最初に述べた場所によって重さがちがうというのは、たとえば赤道付近では地球の自転による遠心力が最も強くはたらくが、北極ではそれがゼロになるのでものが軽くなるということのようだ。
また、高度が上がると、地球の中心、つまり引力の中心から離れるため、ものが軽くなるというのだ。
具体的にいうと、高度が1m上がるごとに重力が0.00003%少なくなるらしい。
1mで0.00003%というとごくわずかだが、高度10000mを飛行するジェット旅客機に乗った場合であれば、その影響を感じることができるのではないだろうか。


この飛行機(しかも2階席)に乗ってたしかめよう

正確に量ろう

今回の実験は羽田発札幌行きの飛行機で行なうことにした。
北海道の実家に帰省するために飛行機に乗るのだが、その機会を利用しようというわけだ。
重さをできるだけ正確に量るために、あらかじめ空港で電子ばかりを100gの分銅で校正した。


あらかじめ電子ばかりを校正した

いい天気だ(この日は)

水平飛行に入る

僕の乗ったボーイング747-400は無事羽田空港を離陸し、シートベルト着用のランプが消えた。
水平飛行に入ったので、さっそく計測に掛かろう。


あらー。
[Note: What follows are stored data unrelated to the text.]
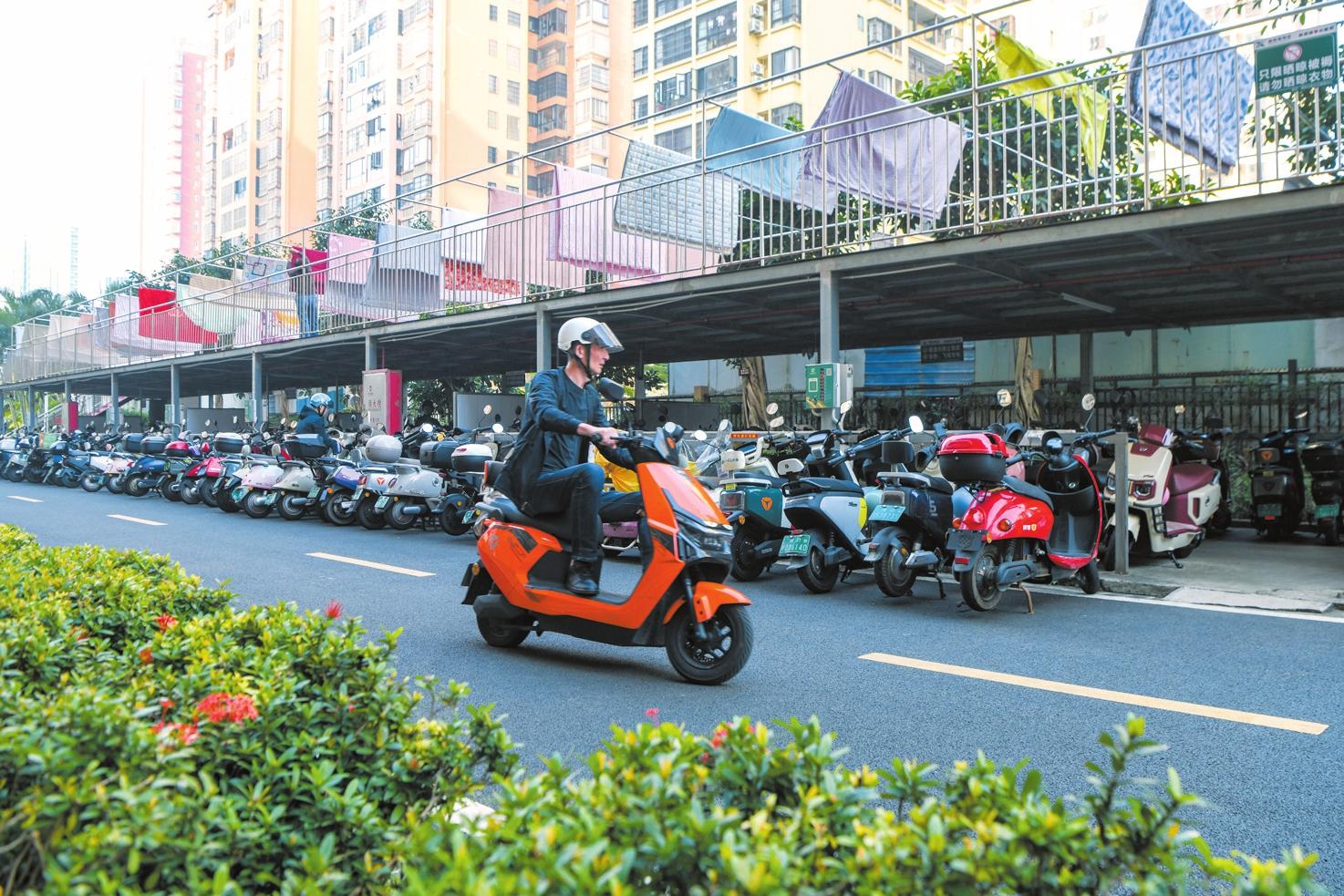 在瓊山區(qū)佳元·椰風(fēng)水韻小區(qū),物業(yè)部門為業(yè)主設(shè)置了下層停放電動自行車上層晾曬的立體車棚。記者 蘇弼坤 攝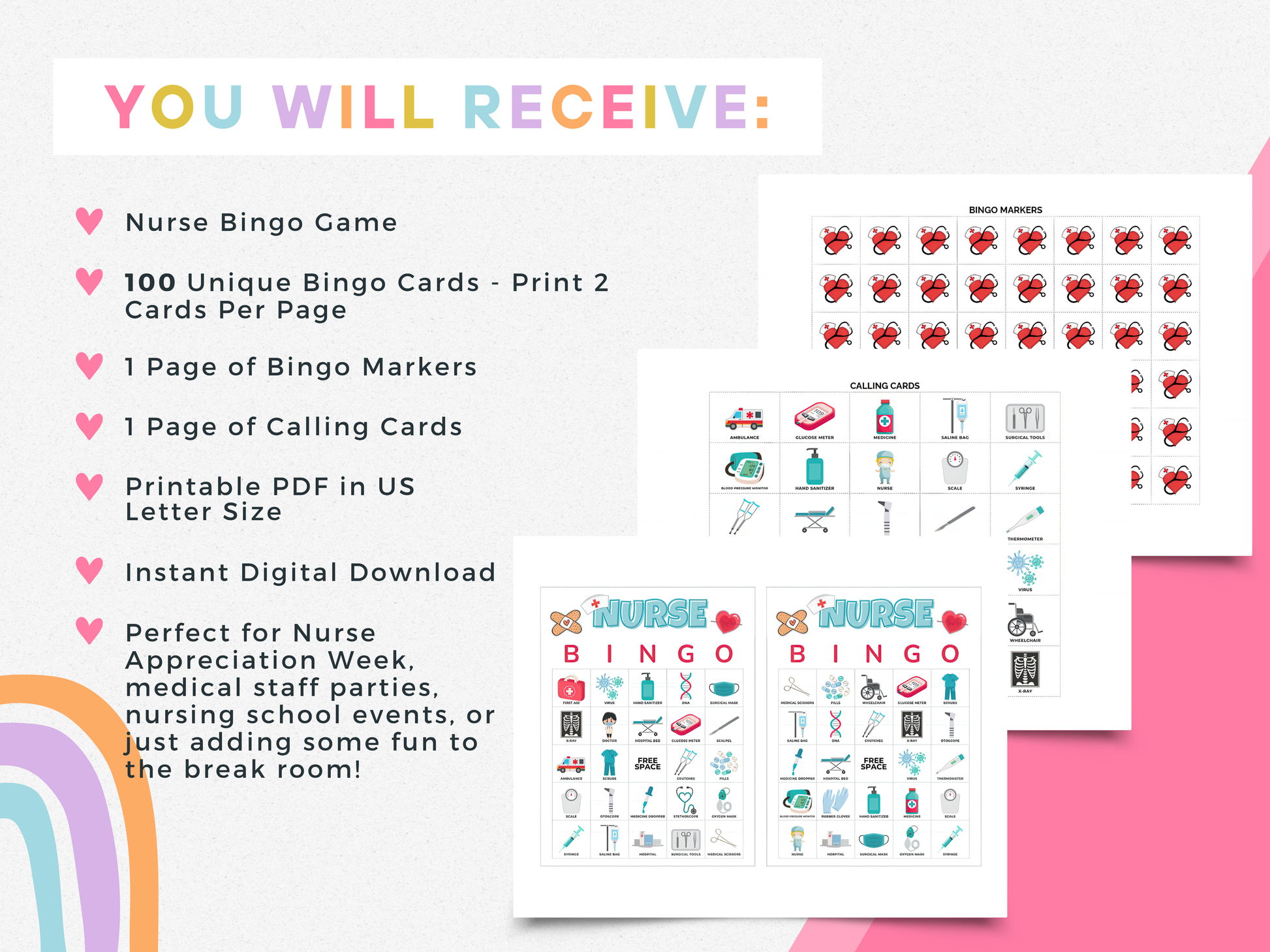 Simply download, print, and play! Players will love identifying familiar medical tools and hospital essentials as they race to shout βBINGO!β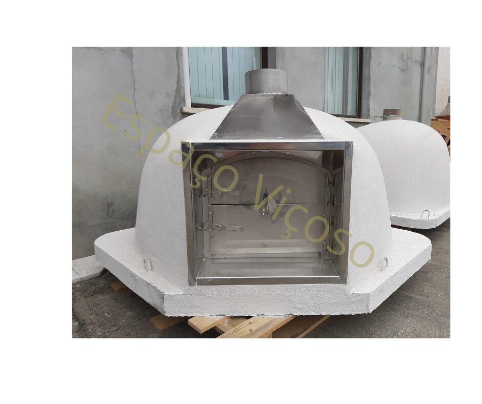O forno a lenha de canto Évora com porta em inox combina fabrico artesanal, durabilidade e um design inteligente que aproveita o espaço. Produzido em tijolo refratário, ferro reforçado e argamassa para altas temperaturas, garante cozedura uniforme e resistência ao uso intenso. A porta em inox confere um toque moderno e facilita a limpeza, enquanto o formato de canto reduz as medidas exteriores em cerca de 25 a 30 cm, mantendo a mesma capacidade interna.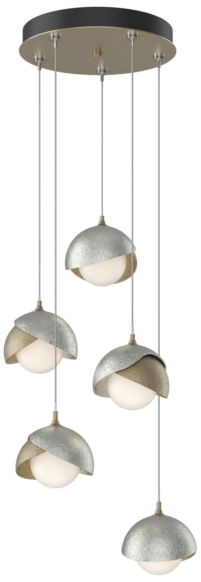 Brooklyn 16"W 5-Light Sterling Accented Soft Gold Long Double Shade Pe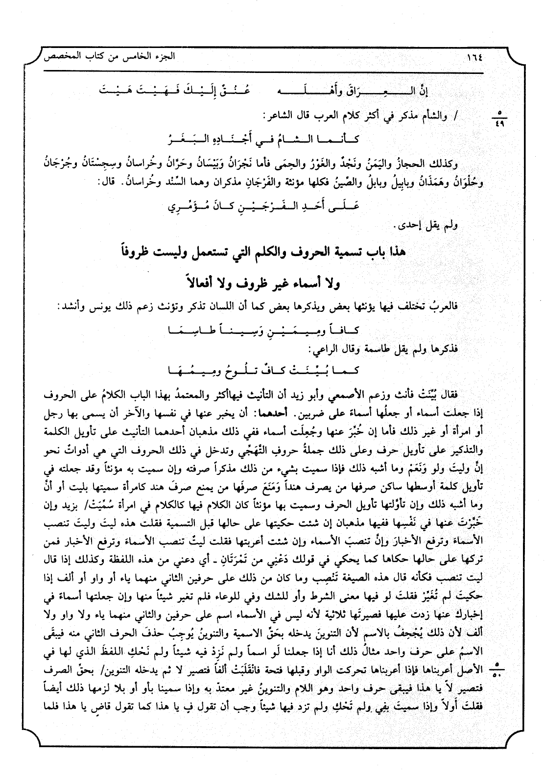 فَقَالَ بُيِّنَتْ فَأَنت وَزعم الْأَصْمَعِي وَأَبُو زيد أَن التَّأْنِيث فِيهَا أَكثر والمعتمدُ بِهَذَا الْبَاب الكلامُ على الْحُرُوف إِذا جعلت أَسمَاء أَو جعلُها أَسمَاء على ضَرْبَيْنِ أَحدهمَا: أَن يخبر عَنْهَا فِي نَفسهَا وَالْآخر أَن يُسمى بهَا رجل أَو امْرَأَة أَو غير ذَلِك فَأَما إِن خُبِّرَ عَنْهَا وجُعِلَت أَسمَاء فَفِي ذَلِك مذهبان أَحدهمَا التَّأْنِيث على تَأْوِيل الْكَلِمَة والتذكير على تَأْوِيل حرف وعَلى ذَلِك جملةُ حروفِ التَّهَجِّي وَتدْخل فِي ذَلِك الْحُرُوف الَّتِي هِيَ أدواتٌ نَحْو إنَّ وليتَ وَلَو وَنَعَمْ وَمَا أشبه ذَلِك فَإِذا سميت بِشَيْء من ذَلِك مذكراً صرفته وَإِن سميت بِهِ مؤنثاً وَقد جعلته فِي تَأْوِيل كلمة أوسطها سَاكن صرفهَا من يصرف هنداً وَمَنَعَ صرفَها من يمْنَع صرفَ هِنْد كامرأة سميتها بليت أَو أنَّ وَمَا أشبه ذَلِك وَإِن تأوَّلتها تَأْوِيل الْحَرْف وَسميت بهَا مؤنثاً كَانَ الْكَلَام فِيهَا كَالْكَلَامِ فِي امْرَأَة سُمِّيَتْ بزيد وَإِن خَبَّرْتَ عَنْهَا فِي نَفْسِها فَفِيهَا مذهبان إِن شِئْت حكيتها على حَالهَا قبل التَّسْمِيَة فَقلت هَذِه ليتَ وليتَ تنصب الأسماءَ وترفع الأخبارَ وإنَّ تنصبَ الْأَسْمَاء وَإِن شِئْت أعربتها فَقلت ليتٌ تنصب الأسماءَ وترفع الْأَخْبَار فَمن تَركهَا على حَالهَا حَكَاهَا كَمَا يَحْكِي فِي قَوْلك دَعْنِي من تَمْرَتَانِ - أَي دَعْنِي من هَذِه اللَّفْظَة وَكَذَلِكَ إِذا قَالَ لَيْت تنصب فَكَأَنَّهُ قَالَ هَذِه الصِّيغَة تَنْصِب وَمَا كَانَ من ذَلِك على حرفين الثَّانِي مِنْهُمَا يَاء أَو وَاو أَو ألف إِذا حيكتَ لم تُغَيِّرْ فقلتَ لَو فِيهَا معنى الشَّرْط وأو للشَّكّ وَفِي للوعاء فَلم تغير شَيْئا مِنْهَا وَإِن جَعلتهَا أَسمَاء فِي إخبارك عَنْهَا زِدْت عَلَيْهَا فصيرتَها ثلاثية لِأَنَّهُ لَيْسَ فِي الْأَسْمَاء اسْم على حرفين وَالثَّانِي مِنْهُمَا يَاء وَلَا وَاو وَلَا ألف لِأَن ذَلِك يُجْحِفُ بِالِاسْمِ لِأَن التنوينَ يدْخلهُ بحَقِّ الاسمية والتنوينُ يُوجِبُ حذفَ الْحَرْف الثَّانِي مِنْهُ فيبقَى الاسمُ على حرف وَاحِد مثالُ ذَلِك أَنا إِذا جعلنَا لَو اسْما وَلم نَزِدْ فِيهِ شَيْئا وَلم نَحْكِ اللفظَ الَّذِي لَهَا فِي الأَصْل أعربناها فَإِذا أعربناها تحركت الْوَاو وَقبلهَا فَتْحة فانْقَلَبَتْ ألفا فَتَصِير لَا ثمَّ يدْخلهُ التَّنْوِين بحقِّ الصّرْف فَتَصِير لَا يَا هَذَا فَيبقى حرف وَاحِد وَهُوَ اللَّام والتنوينُ غير معتدّ بِهِ وَإِذا سمينا بِأَو أَو بِلَا لَزِمَهَا ذَلِك أَيْضا فقلتَ أَولاً وَإِذا سميتَ بفِي وَلم تَحْكِ وَلم تزد فِيهَا شَيْئا وَجب أَن تَقول فٍ يَا هَذَا كَمَا تَقول قاضٍ يَا هَذَا فَلَمَّا

増えた

だめだ

飛行機の水平飛行というのは、実際は安定した水平ではないらしい。
微妙に角度を調整しながら飛行しているようだ。
この電子ばかりは、水平じゃないと正確な重さは量れないのだ。


コーヒーの水面が傾いている

帰りの飛行機で再チャレンジ

はかりを水平に保つために、水平器を購入して帰りの飛行機でもう一度挑戦してみよう。
実家で二泊して、おいしいものを食べてのんびりとリフレッシュした気分で翌々日に千歳空港に戻った。


じゃんじゃん降ってる

飛行機が飛ばない

北海道の冬をあなどってはいけない。
東京から来た日は快晴だったのに、二日後のこの日は猛吹雪の大雪だ。
乗る予定の飛行機が飛ばないのだ。
ロビーで2時間、機内に案内されて2時間待ったのちに欠航を告げるアナウンスが流れた。
時刻は23時、この時点で空港への公共交通機関はすべて終了している。
100gがどうこう言っている場合ではない。